Can you talk about the need for this for dialysis patients?

Dr. Lawson: Our dialysis patients really have a significant problem. You know dialysis is a special situation that requires a lot of engineering on to itself. We figured out years ago how to clean people’s blood in a machine. Basically we have to wash their blood three times a week in a machine and we call that process hemodialysis. However, that means we have to get their blood out of their body to a machine, which requires a number of logistical problems. The way that we’ve solved that through operationally is to place a large blood vessel in the arm that can be accessed or cannulated by the dialysis team. However, that blood vessel has to have a continuous high flow that they can run this dialysis machine. So, we make an artificial circuit where we connect and artery and a vein in the arm using various materials, but the current materials we use are most often either the patient’s own vein, which has problems with their own vein maturing and working and when those don’t work we use artificial veins and the artificial veins we use are primarily a Teflon material, which unfortunately have both a high rate of failure by clotting and or infection.

It appears that there’s not much risk of rejection, correct?

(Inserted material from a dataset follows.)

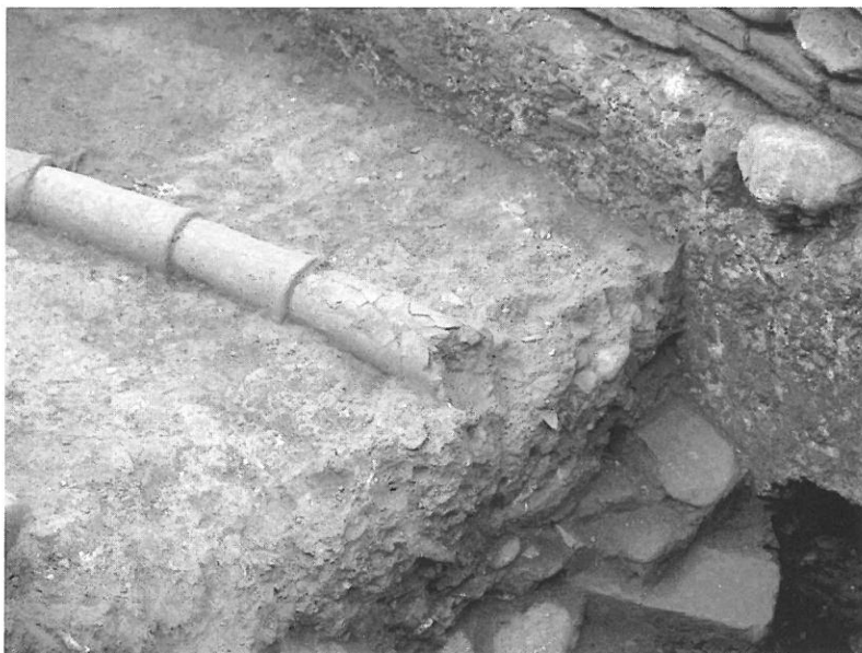
5. Tubería para llevar agua potable a una casa del siglo XVI.

o realizar cualquier otro tipo de obra que implicase modificación alguna del volumen de agua al que se tenía derecho: Otrosi ordenamos e mandamos que ninguna persona de las que tienen agua sin salida en sus casas no sea osado de engrandar el maavez o tinaja o otro edificio alguno que le esta dado e señalado o se le diere e señalare, ni de hazer aljibe ni otro edificio mas del que le esta dado e señalado o se le diere como dicho es, so pena que pierda el agua que toviere en la dicha su casa e que a su costa se deshaga todo el edificio 39 .

Dr. Lawson: We have not seen rejection in any of the animals or humans that have been exposed to this tissue, which is actually quite remarkable. The tissue engineered vessels are intended to be a universal donor. We had to come up with a platform that allowed us to make blood vessels that would function like your blood vessel but could be available off the shelf in any hospital, anywhere in the country or the world. And so we had to take an approach of taking a universal donor, taking cells from in this case organ donors who donated aortic tissue just like they donate their hearts and their kidneys and their lungs. However to avoid rejection, we have to remove the donor cell and leave a decellularized matrix of tissue that the body doesn't reject and is actually repopulated by the patients own cells

So the patient that we saw that came in I noticed on the arm that didn’t have this bioengineered blood vessel he must’ve had a graft or several grafts?

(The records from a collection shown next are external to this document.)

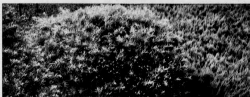
L'if du Japon
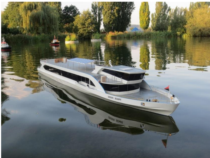
Das Schiffmodell „Unser Schiff“ anlässlich einer Testfahrt in der Grün80

Der eigentliche Schiffsneubau für das neue Basler Personenschiff, mit dem Projektnamen „Unser Schiff“, steht unmittelbar bevor und dauert rund eineinhalb Jahre. Die Inbetriebnahme des neuen Fahrgastschiffes ist im Frühjahr 2018 geplant. Um sich schon vorgängig ein genaues Bild vom Originalschiff machen zu können, hat die Basler Personenschiffahrt AG den renommierten Modellbauer Theo Maurer beauftragt, ein Modell des neuen Schiffes im Massstab 1:40 zu bauen. Theo Maurer hat bereits mehrjährige Erfahrung im Bereich Modellschiffsbau gesammelt und unter anderem für die Bielersee Schifffahrt drei Schiffe originalgetreu nachgebaut. Der Unterschied zum Projekt „Unser Schiff“ - und damit auch die Schwierigkeit und eigentliche Herausforderung - ist, dass hier noch kein reales Schiff existiert und alles lediglich aufgrund der Pläne konstruiert wurde. Der 66-jährige passionierte Modellbauer und gelernte Uhrenmacher, hat bereits über 1'200 Stunden in den Bau des 1,75 Meter langen Modells gesteckt und kann dies nun erstmals der Öffentlichkeit präsentieren.
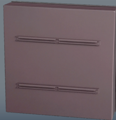
Dos du panneau
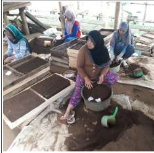
Gambar 1. Proses pencampuran dan pemasukan media
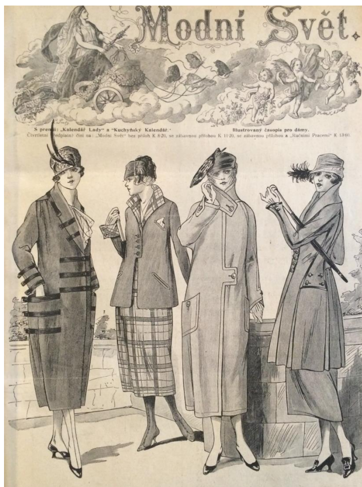
Obr. 1: Úvodní strana periodika Modní svět ( Modní svět , roč. XLII., č. 5, 1920.)

Dr. Lawson: So that patient I’ve worked with for a number of years. In his left arm where he had, had initially what was called a fistula, that’s his own vein that was used for dialysis in his forearm, that then failed and that was replaced by an artificial vein in that area that again lasted for a period of time but then failed. Some of artificial grafts that were used in his arm became infected and had to be removed as we know can happen with the artificial vascular materials. Then, he had two other grafts placed in his upper arm that each worked for a period of time and that ultimately failed. I think both of them developed blood clots in them.

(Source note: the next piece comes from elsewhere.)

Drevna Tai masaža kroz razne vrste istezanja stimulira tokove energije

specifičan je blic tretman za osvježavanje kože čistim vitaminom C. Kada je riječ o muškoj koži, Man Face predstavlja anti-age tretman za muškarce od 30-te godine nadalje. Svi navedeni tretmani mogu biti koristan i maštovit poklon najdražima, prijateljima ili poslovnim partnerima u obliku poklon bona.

Those weren’t there before that happened because of the grafts?

Dr. Lawson: Exactly, so the things that you saw in his arms and particularly I think there’s one area where there’s a very large what looks like a knot and that’s what these patients live with. It’s very disfiguring. He’s had multiple, multiple operations over a number of years and remarkably he’s continued to do well. But when I asked him if he wanted to participate in this trial to test a new type of vascular graft, he was very interested.